Chase Bank/Lytton Savings, Hollywood | Los Angeles Conservancy
Photo by Adrian Scott Fine/L.A. Conservancy

Chase Bank/Lytton Savings, Hollywood

With its dramatic, folded plate concrete roof and glass-walled banking floor, the former Lytton Savings was a striking departure from traditional bank design when it opened in 1960. 

As financial institutions nationwide analyzed the need for progressive banking methods following World War II, architects responded by radically reinventing the bank’s form. Lytton Savings (as part of larger Lytton Center) typified these national postwar banking trends through its modern architectural design, transparency, and integrated art component, and is one of Los Angeles’ earliest remaining examples of this transformative shift in postwar-era bank design.

Located at the corner of Sunset and Crescent Heights Boulevards at the western edge of Hollywood, Lytton Savings and larger Lytton Center occupies the former site of the Garden of Allah; the storied Hollywood inn with surrounding villas was purchased by Lytton in 1959 and razed to make way for the firm’s new home office.

Lytton Savings typifies the national banking trends in the postwar years. Lytton Savings, like Home Savings, California Federal, Great Western, and others, was a savings and loan financial institution that grew after World War II as an alternative to traditional banks. The savings and loans specialized in long-term personal lending, like savings accounts, certificates of deposits, and home mortgages, in contrast to traditional banks that focused on commercial and business clients.

Savings and loans were in high demand in the postwar years, as they financed the massive residential development boom. Their growth, along with the growth of the region, translated to the need for increased office space. Lytton Savings constructed the building on Sunset Boulevard as a new home office (as part of the larger Lytton Center), reflecting its modernity in the architectural design, transparency, and integrated art component. It is one of Los Angeles’ earliest remaining examples of this transformative shift in postwar-era bank design.

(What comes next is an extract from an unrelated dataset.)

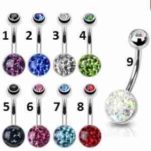 PRZEŚLICZNE KOLCZYKI DO PĘPKA Z KULKĄ ZDOBIONĄ KRYSZTAŁKAMI SWAROVSKIEGO ZATOPIONYMI W SPECJALNYM KLEJU ZAPOBIEGAJĄCYM ICH WYPADANIU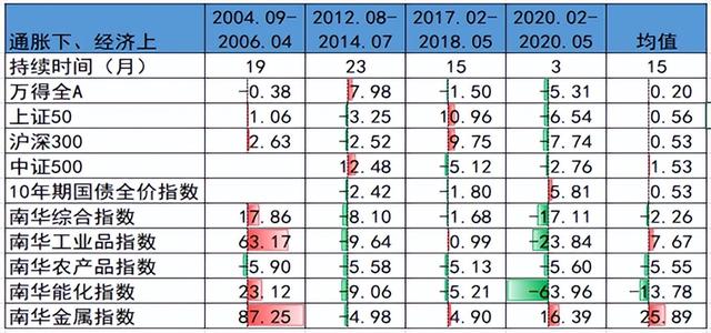 另外,由于南华商品指数以及各板块指数从2004年6月开始面世,因此我们对于上述投资标的收益率的统计也从2004年6月开始算起,但对于不完整周期下的资产表现我们在最终统计规律时会对其进行剔除。对于不同经济周期下各种资产收益率表现我们在剔除不完整周期后对剩余期限进行算术平均。

Company president Bart Lytton, an enthusiastic supporter of the arts, selected architect Kurt W. Meyer of the firm Hagman & Meyer, along with interior designer Adele Faulkner. Meyer’s design is unabashedly modern, using contrasting building materials and modernist forms. The building’s folded plate concrete roof, supported by slender vertical piers, caps a glass-walled façade of clerestories and ground-floor glazing offset by a mid-level band of book-matched, polished travertine that wraps around the building’s front and sides. Bouquet Canyon stone provides a contrasting texture on first floor walls flanking the central, glass-walled façade.

The building’s three-level interior is divided into a full-height banking floor inside the Sunset Boulevard entrance, which receives natural light from the clerestories and expansive glazing along the ground floor, and two upper levels of office and administrative spaces located beyond the banking floor. 

The more prominent of postwar-era bank buildings popularized the integration of abstract art components in the 1960s. At Lytton Savings, the banking floor contains a monumental dalle de verre (faceted glass) and concrete screen designed by acclaimed artist-craftsman Roger Darricarrere, who was one of the first practitioners of this type of stained glass technique in the United States. 

The 8 foot by 50 foot screen, which is significant as Darricarrere’s first commercial commission, is illuminated internally and serves both as an integrated component of abstract art and to separate the ground level public area from that containing the executive offices. Darricarrere later designed the monumental skylight for the now-demolished Columbia Savings Building on the Miracle Mile.

Following Lytton Savings’ completion in 1960, a commercial phase of development commenced at the rear of the site with the construction of a retail plaza, though a 12-story office tower proposed to rise above the plaza shops was never built. Lytton Savings later operated as a branch of Great Western Savings and more recently as Washington Mutual before being acquired by Chase.

Lytton Savings remains a significant example of postwar-era bank design in Los Angeles.  Other notable postwar-era bank structures by Meyer’s architecture firm, which became Kurt Meyer and Associates in 1963, include the Pomona regional office of Lytton Savings (1964) and the New Formalist style Financial Savings Building in Culver City (1966).  His Brutalist style Liberty Savings Building in West Los Angeles (1966), which is a seven-story office tower, is significant for its use of concrete.